• Your objective
All lines from the one that contains "The Slate and" through the close of the entries below are to be repeated exactly, without any pictures.

• Data section
▼

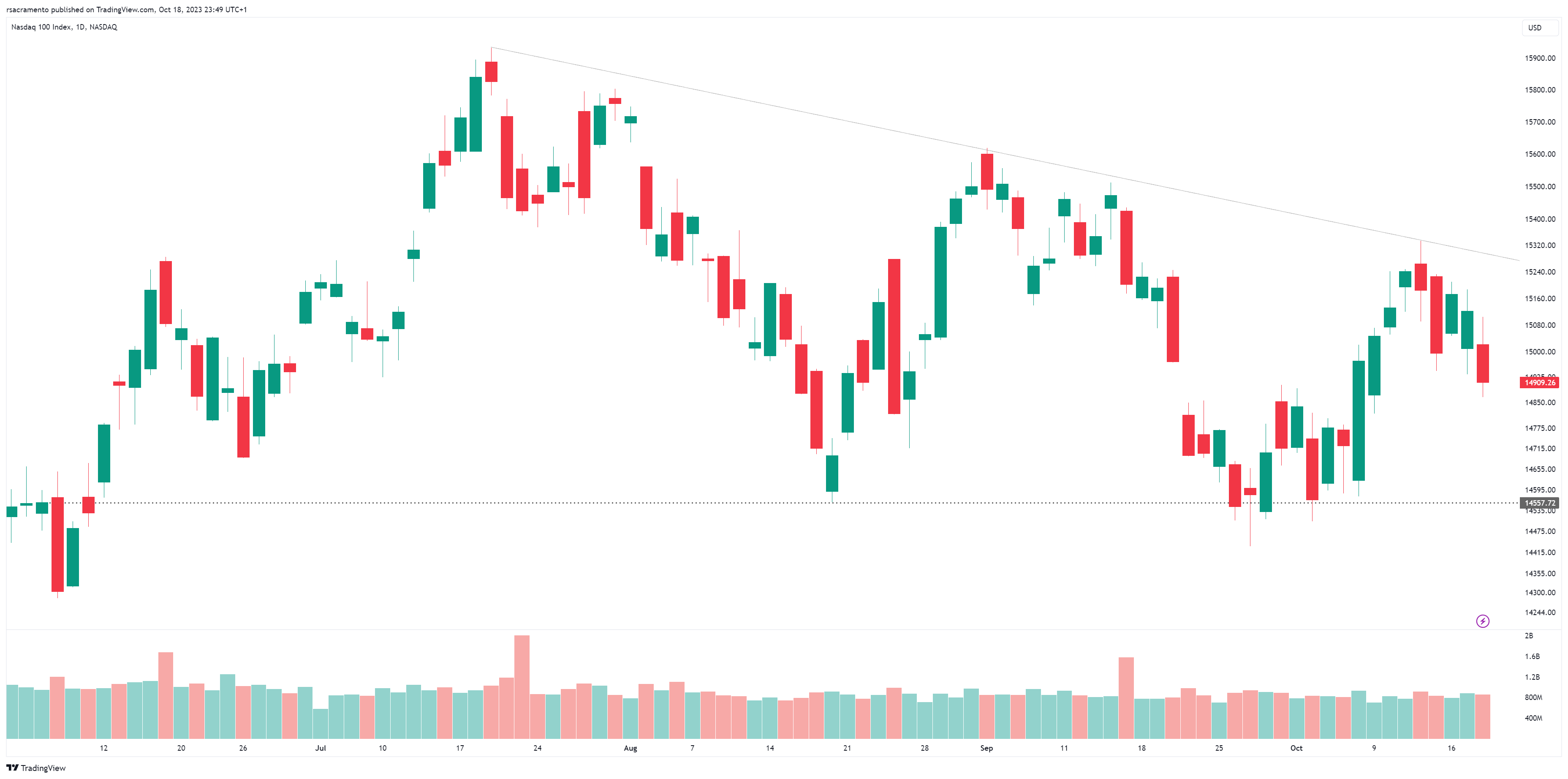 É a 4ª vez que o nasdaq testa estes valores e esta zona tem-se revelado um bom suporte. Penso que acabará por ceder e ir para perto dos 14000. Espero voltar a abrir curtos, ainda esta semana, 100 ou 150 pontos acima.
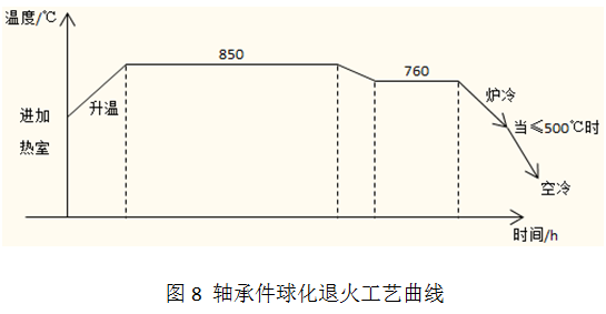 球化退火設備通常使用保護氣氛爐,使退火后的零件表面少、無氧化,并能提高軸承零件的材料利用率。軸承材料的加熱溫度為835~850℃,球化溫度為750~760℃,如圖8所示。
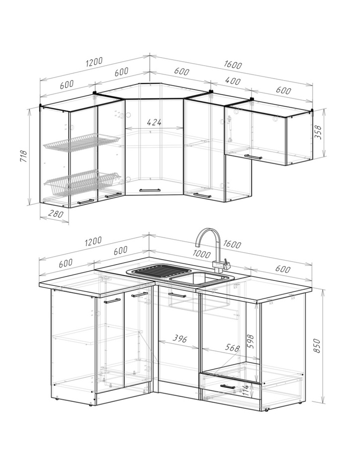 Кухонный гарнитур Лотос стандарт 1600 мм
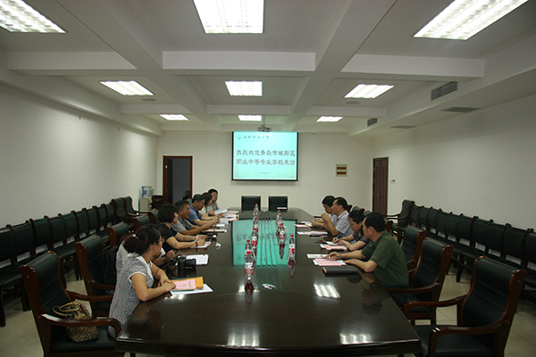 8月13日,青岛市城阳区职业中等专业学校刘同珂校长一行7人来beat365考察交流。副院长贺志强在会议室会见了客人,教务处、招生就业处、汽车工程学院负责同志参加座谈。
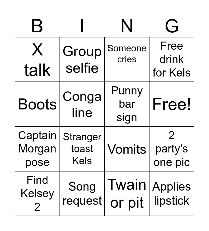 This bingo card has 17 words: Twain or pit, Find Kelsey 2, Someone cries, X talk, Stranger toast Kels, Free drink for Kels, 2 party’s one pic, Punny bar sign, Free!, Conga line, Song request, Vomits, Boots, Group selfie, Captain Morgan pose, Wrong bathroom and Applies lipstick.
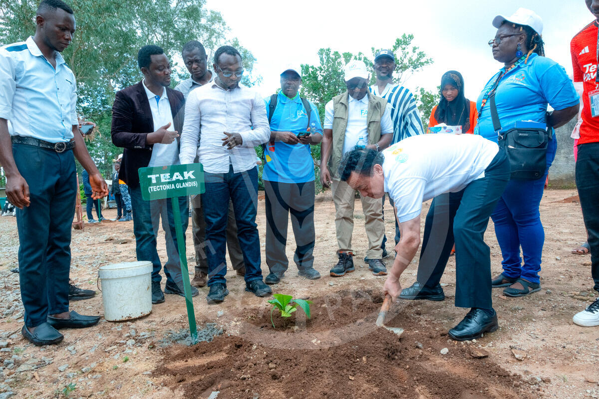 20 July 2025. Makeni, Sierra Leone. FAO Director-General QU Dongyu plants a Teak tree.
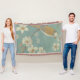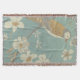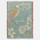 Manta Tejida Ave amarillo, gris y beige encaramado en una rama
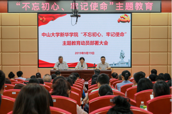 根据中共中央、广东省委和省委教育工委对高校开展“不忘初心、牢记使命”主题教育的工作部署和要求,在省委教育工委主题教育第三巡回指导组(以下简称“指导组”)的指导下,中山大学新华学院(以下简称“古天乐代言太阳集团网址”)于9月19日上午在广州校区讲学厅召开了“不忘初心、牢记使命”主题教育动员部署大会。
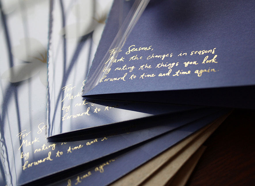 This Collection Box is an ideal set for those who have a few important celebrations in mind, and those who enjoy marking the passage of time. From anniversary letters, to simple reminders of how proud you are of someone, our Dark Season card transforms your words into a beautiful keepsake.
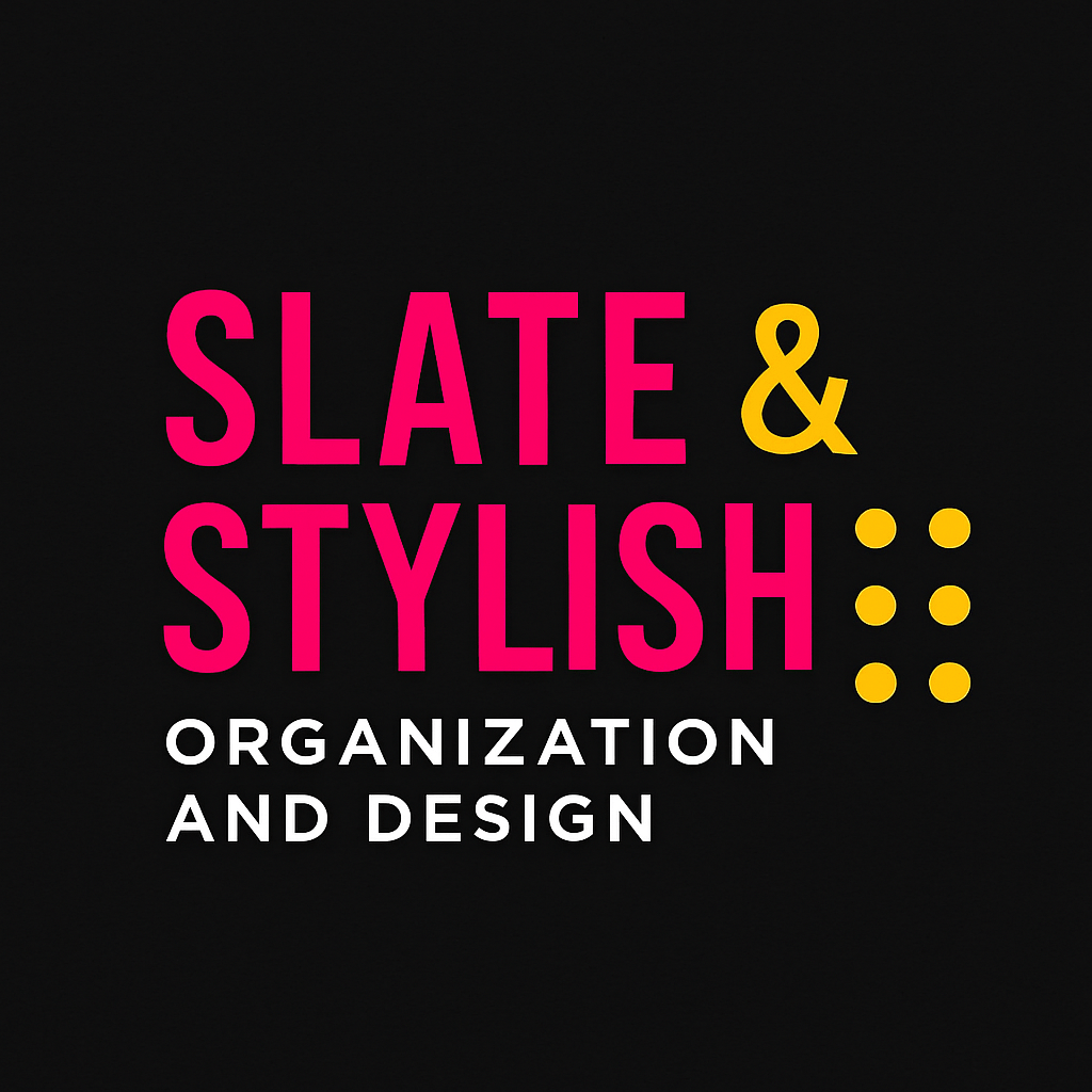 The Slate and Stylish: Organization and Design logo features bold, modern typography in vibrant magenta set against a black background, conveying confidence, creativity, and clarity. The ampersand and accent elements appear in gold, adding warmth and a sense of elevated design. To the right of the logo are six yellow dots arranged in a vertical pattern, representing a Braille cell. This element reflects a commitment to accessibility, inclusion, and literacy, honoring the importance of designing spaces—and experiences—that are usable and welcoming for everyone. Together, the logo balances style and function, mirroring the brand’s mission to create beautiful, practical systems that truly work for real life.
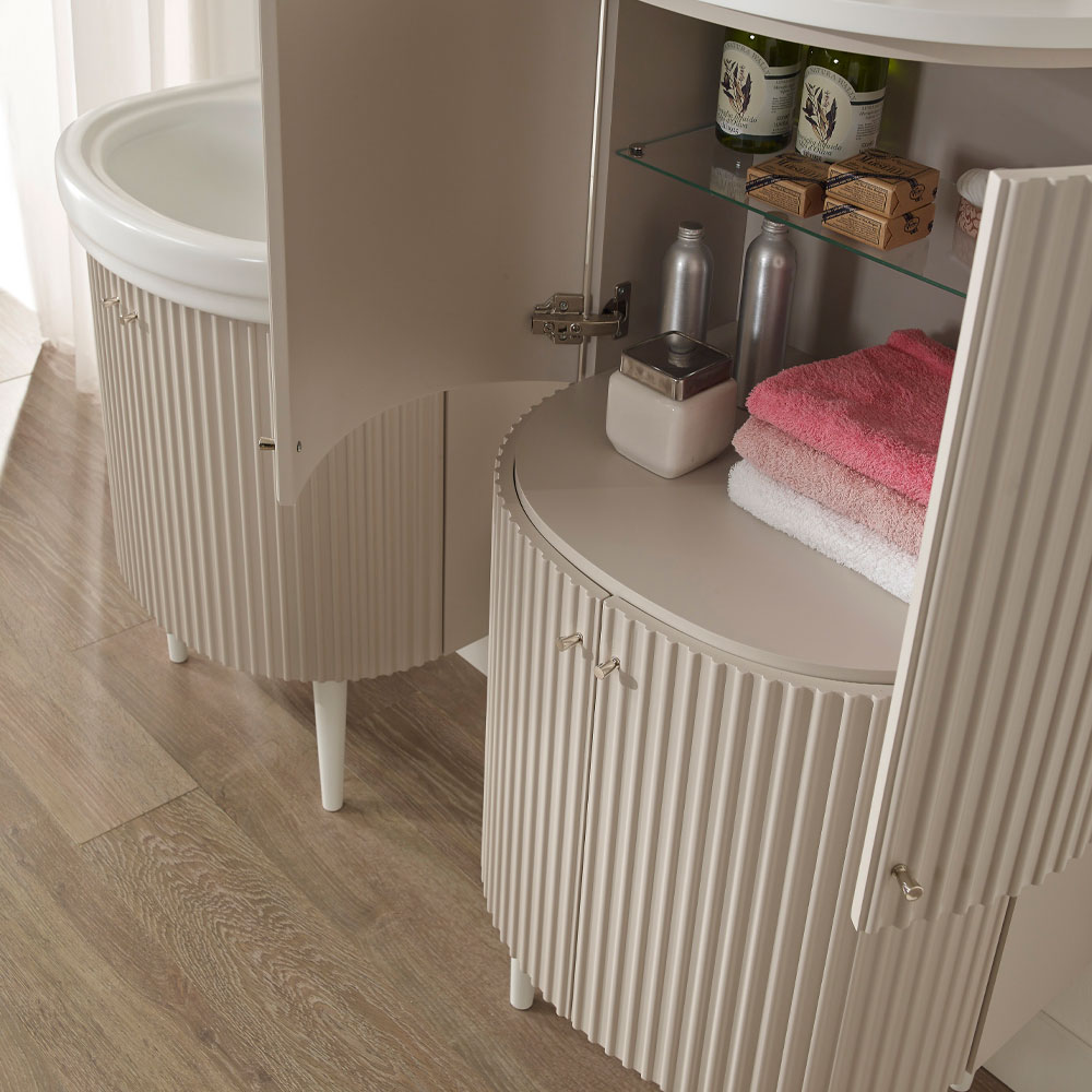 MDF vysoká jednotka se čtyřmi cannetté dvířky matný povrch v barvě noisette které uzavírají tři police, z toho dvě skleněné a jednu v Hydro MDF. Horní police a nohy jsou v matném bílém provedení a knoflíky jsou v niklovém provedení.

▲

• Task answer
 The Slate and Stylish: Organization and Design logo features bold, modern typography in vibrant magenta set against a black background, conveying confidence, creativity, and clarity. The ampersand and accent elements appear in gold, adding warmth and a sense of elevated design. To the right of the logo are six yellow dots arranged in a vertical pattern, representing a Braille cell. This element reflects a commitment to accessibility, inclusion, and literacy, honoring the importance of designing spaces—and experiences—that are usable and welcoming for everyone. Together, the logo balances style and function, mirroring the brand’s mission to create beautiful, practical systems that truly work for real life.
 MDF vysoká jednotka se čtyřmi cannetté dvířky matný povrch v barvě noisette které uzavírají tři police, z toho dvě skleněné a jednu v Hydro MDF. Horní police a nohy jsou v matném bílém provedení a knoflíky jsou v niklovém provedení.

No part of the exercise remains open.